Ces développements se feront une fois la mise à jour FACET, FACETTE-II, est terminé. "L'expérience repose sur la capacité d'utiliser un faisceau d'électrons puissant pour produire le sillage du plasma, " dit Vitaly Yakimenko, directeur de la division FACET du SLAC. « FACET-II sera le seul endroit au monde qui produira de tels faisceaux avec une intensité et une énergie suffisamment élevées. »
Dans cette étude, les électrons de fuite provenaient de l'intérieur du plasma (voir l'animation ci-dessus et le film ci-dessous). Juste au moment où le paquet d'électrons et son sillage sont passés, les chercheurs ont zappé l'hélium dans le plasma avec une seconde, flash laser étroitement focalisé. Cette fois, l'impulsion lumineuse avait assez d'énergie pour expulser les électrons des atomes d'hélium, et les électrons ont ensuite été accélérés dans le sillage.
La synchronisation entre le paquet d'électrons, se précipitant à travers le plasma avec presque la vitesse de la lumière, et le flash laser, ne dure que quelques millionièmes de milliardième de seconde, était particulièrement important et stimulant, dit Aihua Deng de l'UCLA, l'un des principaux auteurs de l'étude :« Si le flash arrive trop tôt, les électrons qu'il produit perturberont la formation du sillage du plasma. S'il arrive trop tard, le sillage du plasma s'est déplacé et les électrons ne seront pas accélérés."

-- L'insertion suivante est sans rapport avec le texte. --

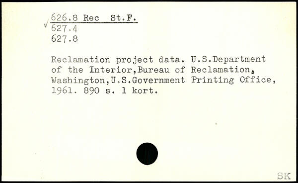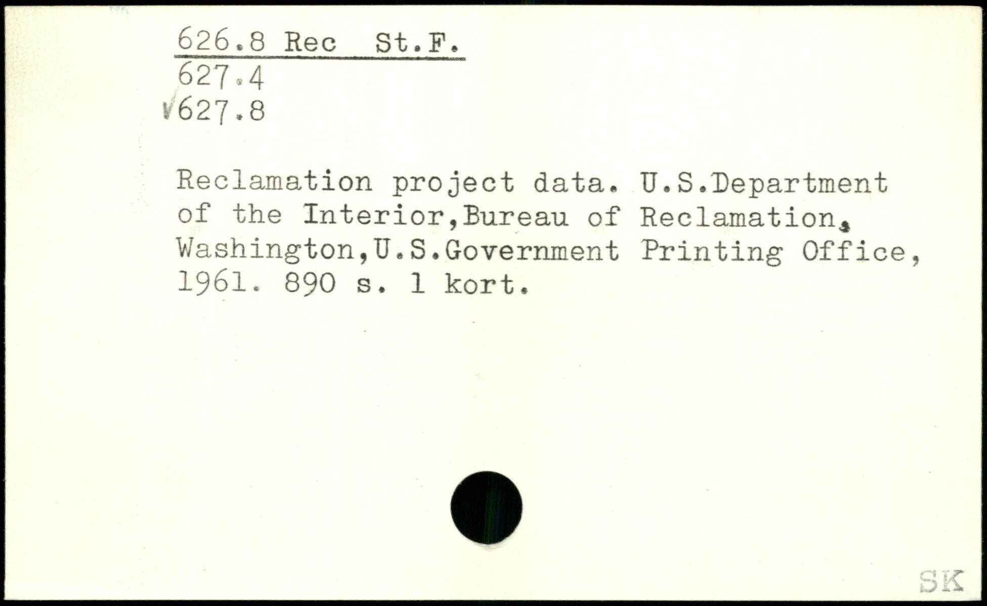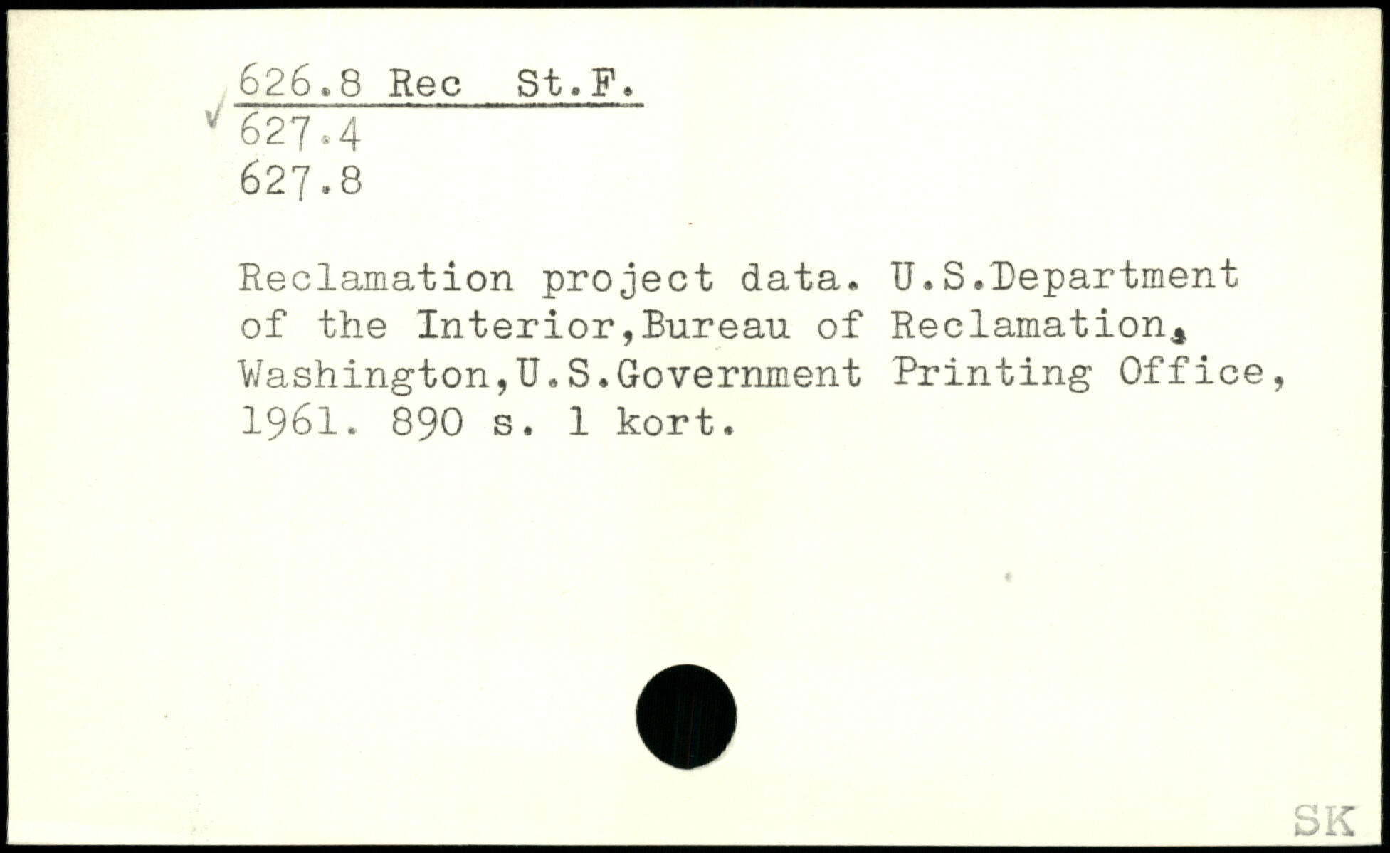 Reclamation project data. U.S.Department of the Interior,Bureau of Reclamation. Washington,U.S.Government Printing Office, 1961.

Les chercheurs estiment que la luminosité du faisceau d'électrons obtenu avec la méthode du cheval de Troie peut déjà rivaliser avec la luminosité des sources d'électrons de pointe existantes.
"Ce qui rend notre technique transformatrice, c'est la façon dont les électrons sont produits, " dit Olivier Karger, l'autre auteur principal, qui était à l'Université de Hambourg, Allemagne, au moment de l'étude. Lorsque les électrons sont retirés de l'hélium, ils s'accélèrent rapidement vers l'avant, qui maintient le faisceau étroitement groupé et est une condition préalable pour des faisceaux plus lumineux.